Data extract =

────────────────────────────────────────

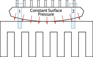 除TinyDIP/SMD外,SPM的表麵都會有一定的翹曲。圖4為(wei)這(zhe)種(zhong)翹(qiao)曲(qu)的(de)一(yi)個(ge)誇(kua)張(zhang)示(shi)意(yi)。模(mo)塊(kuai)是(shi)用(yong)一(yi)些(xie)從(cong)表(biao)麵(mian)中(zhong)間(jian)穿(chuan)出(chu)的(de)螺(luo)絲(si)緊(jin)固(gu)在(zai)散(san)熱(re)片(pian)上(shang)。如(ru)果(guo)安(an)裝(zhuang)恰(qia)當(dang),這(zhe)種(zhong)凸(tu)狀(zhuang)表(biao)麵(mian)能(neng)保(bao)證(zheng)有(you)足(zu)夠(gou)的(de)熱(re)量(liang)從(cong)模(mo)塊(kuai)傳(chuan)遞(di)到(dao)散(san)熱(re)片(pian)。如(ru)果(guo)緊(jin)固(gu)螺(luo)絲(si)用(yong)力(li)不(bu)均(jun),就(jiu)可(ke)能(neng)在(zai)模(mo)塊(kuai)內(nei)產(chan)生(sheng)應(ying)力(li),導(dao)致(zhi)模(mo)塊(kuai)破(po)損(sun)或(huo)性(xing)能(neng)下(xia)降(jiang)。建(jian)議(yi)采(cai)用(yong)圖(tu)4所示的螺絲緊固順序(先按1〜2的順序預緊固,再按2〜1的順序最終緊固)。通常,預緊固扭矩為最大額定緊固扭矩的25%。隻要散熱片與器件緊貼好了,就可通過SPM的內置熱敏電阻獲取散熱片的溫度,從而簡化電路板的設計。
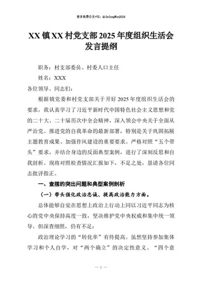 【七哥公文】2026年:XX镇XX村党支部2025年度组织生活会发言提纲+更多免费公文+VX:QiGeGongWen2024
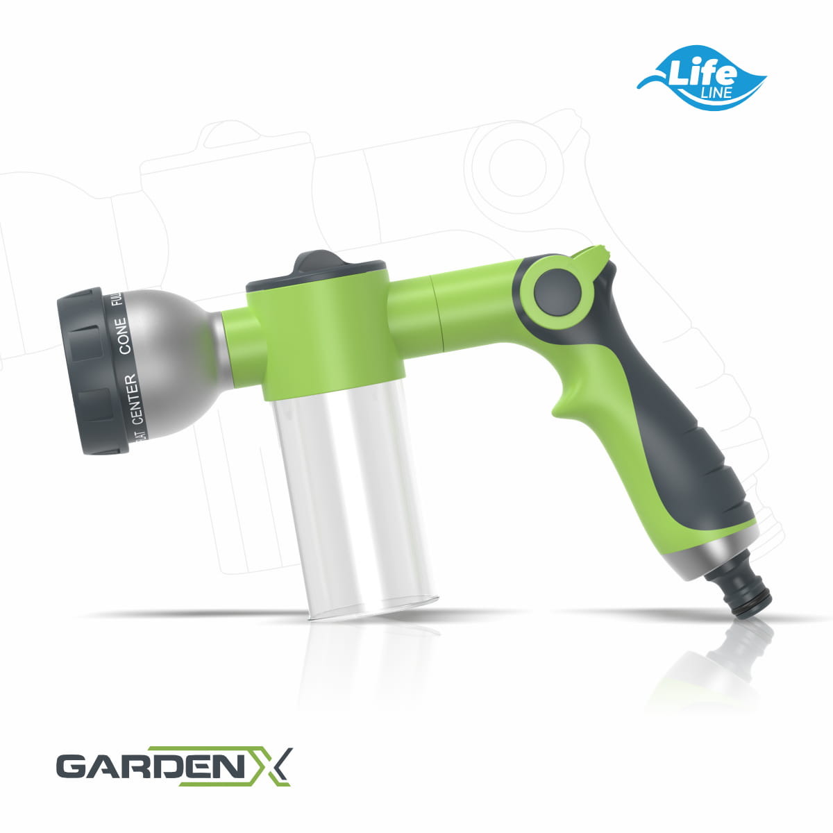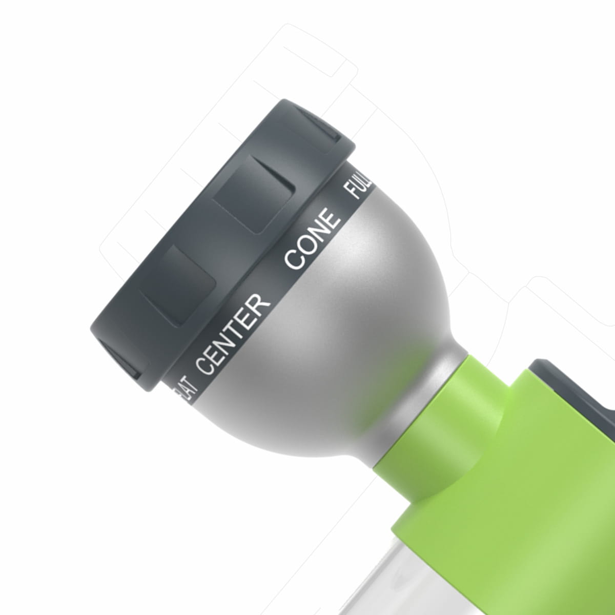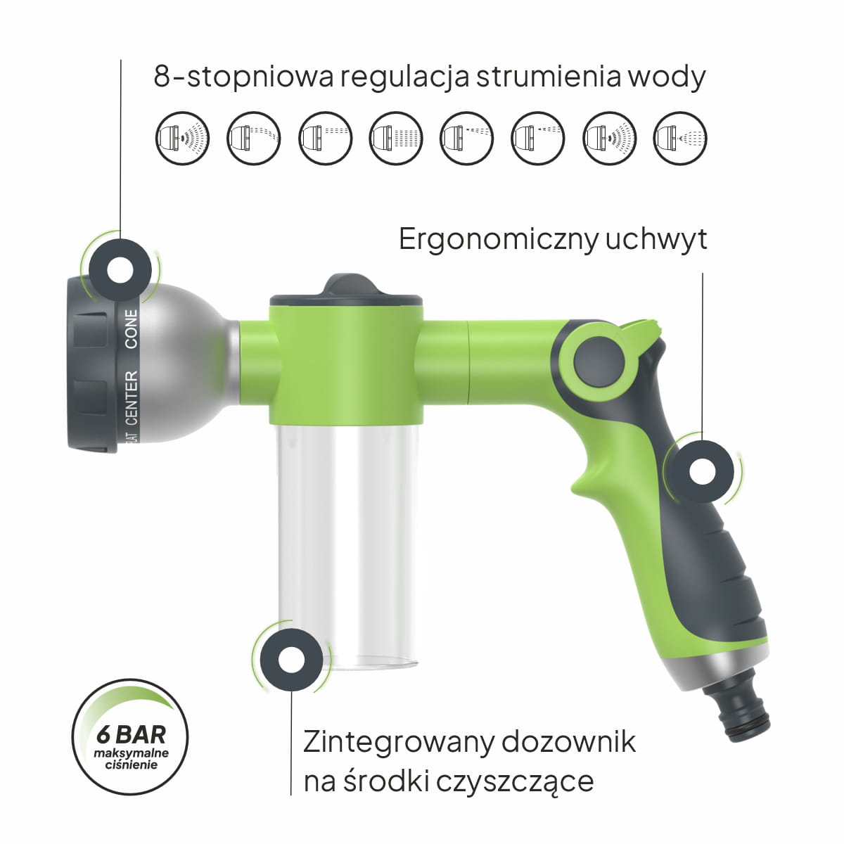 Umożliwia precyzyjne dopasowanie rodzaju strumienia do konkretnego zadania (np. delikatna mgiełka, silny strumień do mycia, strumień punktowy itd.). - Zintegrowany dozownik na środki czyszczące/nawozowe

────────────────────────────────────────

Exercise directions =
Would you output the full listing exactly as it stands, minus the images?

The completed task =
 除TinyDIP/SMD外,SPM的表麵都會有一定的翹曲。圖4為(wei)這(zhe)種(zhong)翹(qiao)曲(qu)的(de)一(yi)個(ge)誇(kua)張(zhang)示(shi)意(yi)。模(mo)塊(kuai)是(shi)用(yong)一(yi)些(xie)從(cong)表(biao)麵(mian)中(zhong)間(jian)穿(chuan)出(chu)的(de)螺(luo)絲(si)緊(jin)固(gu)在(zai)散(san)熱(re)片(pian)上(shang)。如(ru)果(guo)安(an)裝(zhuang)恰(qia)當(dang),這(zhe)種(zhong)凸(tu)狀(zhuang)表(biao)麵(mian)能(neng)保(bao)證(zheng)有(you)足(zu)夠(gou)的(de)熱(re)量(liang)從(cong)模(mo)塊(kuai)傳(chuan)遞(di)到(dao)散(san)熱(re)片(pian)。如(ru)果(guo)緊(jin)固(gu)螺(luo)絲(si)用(yong)力(li)不(bu)均(jun),就(jiu)可(ke)能(neng)在(zai)模(mo)塊(kuai)內(nei)產(chan)生(sheng)應(ying)力(li),導(dao)致(zhi)模(mo)塊(kuai)破(po)損(sun)或(huo)性(xing)能(neng)下(xia)降(jiang)。建(jian)議(yi)采(cai)用(yong)圖(tu)4所示的螺絲緊固順序(先按1〜2的順序預緊固,再按2〜1的順序最終緊固)。通常,預緊固扭矩為最大額定緊固扭矩的25%。隻要散熱片與器件緊貼好了,就可通過SPM的內置熱敏電阻獲取散熱片的溫度,從而簡化電路板的設計。
 【七哥公文】2026年:XX镇XX村党支部2025年度组织生活会发言提纲+更多免费公文+VX:QiGeGongWen2024
 Umożliwia precyzyjne dopasowanie rodzaju strumienia do konkretnego zadania (np. delikatna mgiełka, silny strumień do mycia, strumień punktowy itd.). - Zintegrowany dozownik na środki czyszczące/nawozowe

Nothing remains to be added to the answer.